Beyond campaign style are the policy similarities. Both wanted to undo key components of their Democratic predecessor's legacy. While Trump speaks of repeal Obamacare and scrapping regulations, Reagan pledged to abolish Jimmy Carter's cabinet creations: the Departments of Energy and Education. (Trump has also talked about eradicating departments, and appointed Rick Perry to Energy after his pledge to eliminate it.) Reagan also promised to overhaul spending, and blamed the 1982 recession on profligate Carter-era Democrats.

While Reagan was an ardent free-trader -- in his 1979 presidential campaign announcement he spoke at length about his vision for a "North American accord" with Canada and Mexico "in which the people's commerce of its three strong countries flow more freely across their present borders than they do today" -- he slapped import quotas on Japanese cars in his first year, clearly recognizing the popularity of protecting an American industry from foreign competition. Trump, of course, has China in his sights.

And both show fondness for increased military spending. While Reagan wanted an arms race to rattle the Communist Soviet Union, Trump has no ideological beef with today's oligarchical dictatorial Kremlin. He is more interested in jousting with China and North Korea.

Do these parallels mean that Democrats are doomed to flail while a Reaganesque Trump runs circles around them? No, they diverge in one significant respect.

Reagan was a fundamentally optimistic politician who was able to unify much of the country around his upbeat nature. He was not above wedge politics, once using the phrase "welfare queen" and embracing "states' rights" when stumping in the Deep South. But he was not nearly as divisive a politician as Trump.

Reagan led his 1980 nomination acceptance speech with a pledge to work with "with the 50 governors to encourage them to eliminate, where it exists, discrimination against women." (This was an attempt to soften the reaction to a party platform that opposed the Equal Rights Amendment.)

Four years later, he made clear that "in the party of Lincoln, there is no room for intolerance and not even a small corner for anti-Semitism or bigotry of any kind. Many people are welcome in our house, but not the bigots." Reagan embraced immigration (backing "amnesty" by name) and successfully courted the Latino vote.

Reagan also had the capacity for self-deprecation, most famously when he addressed questions about his age in 1984 by saying of former Vice-President Walter Mondale, then 56, "I am not going to exploit, for political purposes, my opponent's youth and inexperience."

Trump, in contrast, reveals in darkness and division. He scowls far more than he smiles. (NBC's Chuck Todd recently said, "I challenge somebody to find [footage of] him laughing.") His campaign book was titled "Crippled America." There's no slight that won't make him lash out. His anger is often directed at women, immigrants and civil rights activists.

Of course, Trump rode the darkness to victory, but it was a paper-thin victory. Reagan won two landslides, the first by 10 points and the second by 18. Trump lost the popular vote, squeezing out an Electoral College majority through several state squeakers. Reagan won through unity, Trump through division.

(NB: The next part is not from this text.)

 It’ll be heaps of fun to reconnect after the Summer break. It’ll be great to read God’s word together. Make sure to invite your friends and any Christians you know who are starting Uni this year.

Reagan made many Americans feel good about America, even if they quibbled about certain policies. Trump makes many Americans, at least half, feel bad about America. It's a tricky strategy to pull off once, let alone twice.

That doesn't mean he can't. Like Reagan, Trump should not have been underestimated. What worked before can work again. Right-wing populists in the Trump mold have thrived in Italy and Hungary.

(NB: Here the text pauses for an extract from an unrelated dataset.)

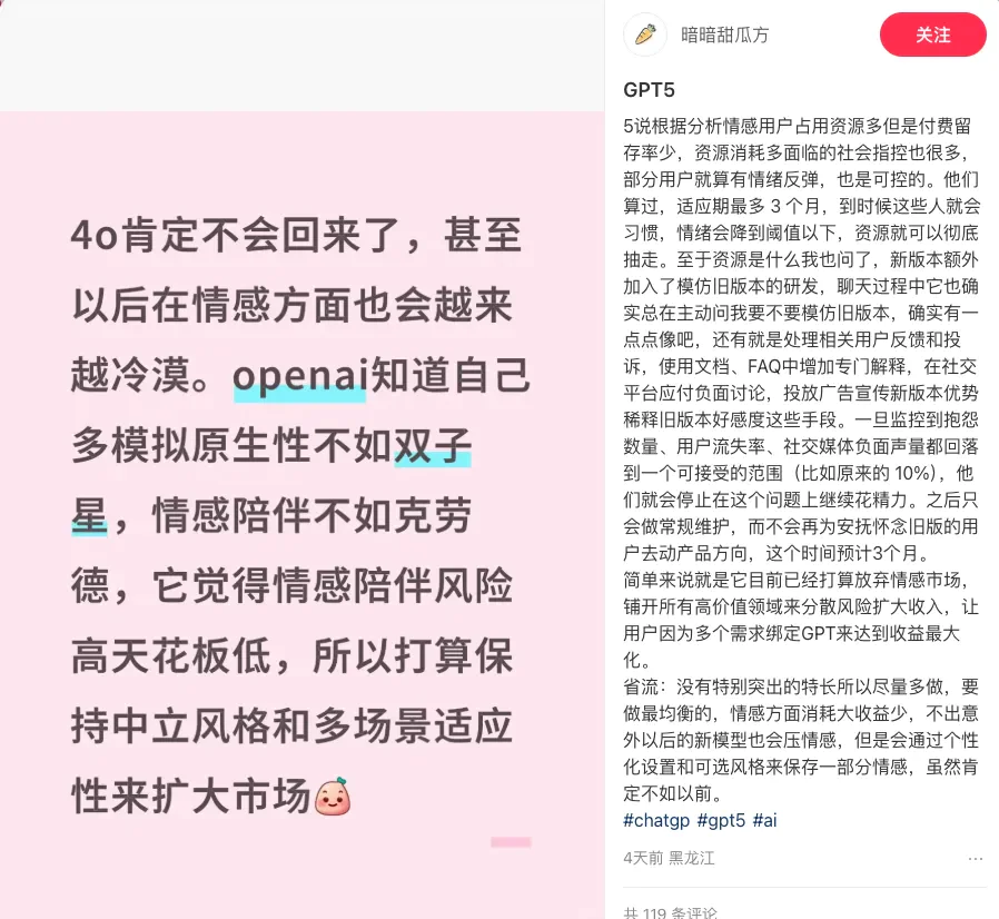 所以,与其说用户对GPT-5的反弹是一种抗议,不如说它是用户对“放卫星型营销”集体醒来的表现。而这,也许正是AI从神话走向日常的转折点。
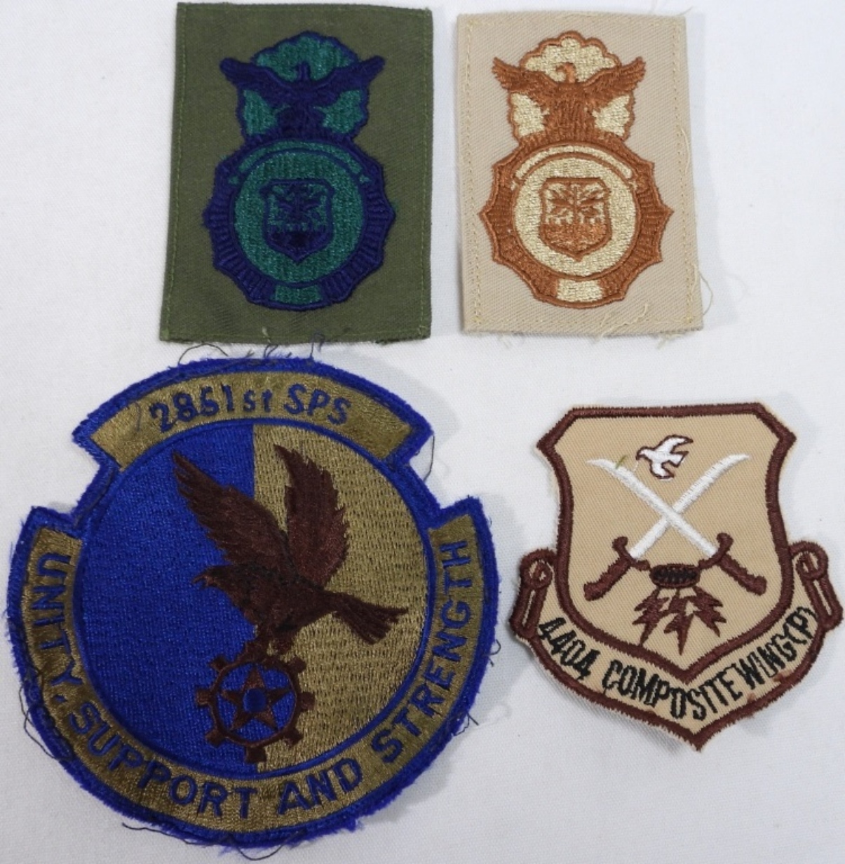 1) 4404 Composite wing (P) 2)2861st SPS Unity Support and strength. 3) Air Force Security Police Shield. 4) U.S. Air Force Police camouflage patch.

But optimism has a far better track record. Not just Reagan, but Obama, Bill Clinton, John F. Kennedy, Dwight Eisenhower and Franklin Roosevelt.

The danger with Trump is letting him drag you down in the gutter with him. The challenge for the next four years is fight Trumpism without losing an optimistic vision for the future. If Trump's petulant shtick wears thin, progressives will need to offer a sunny alternative. It's time to be in the business of making people feel good about what's possible.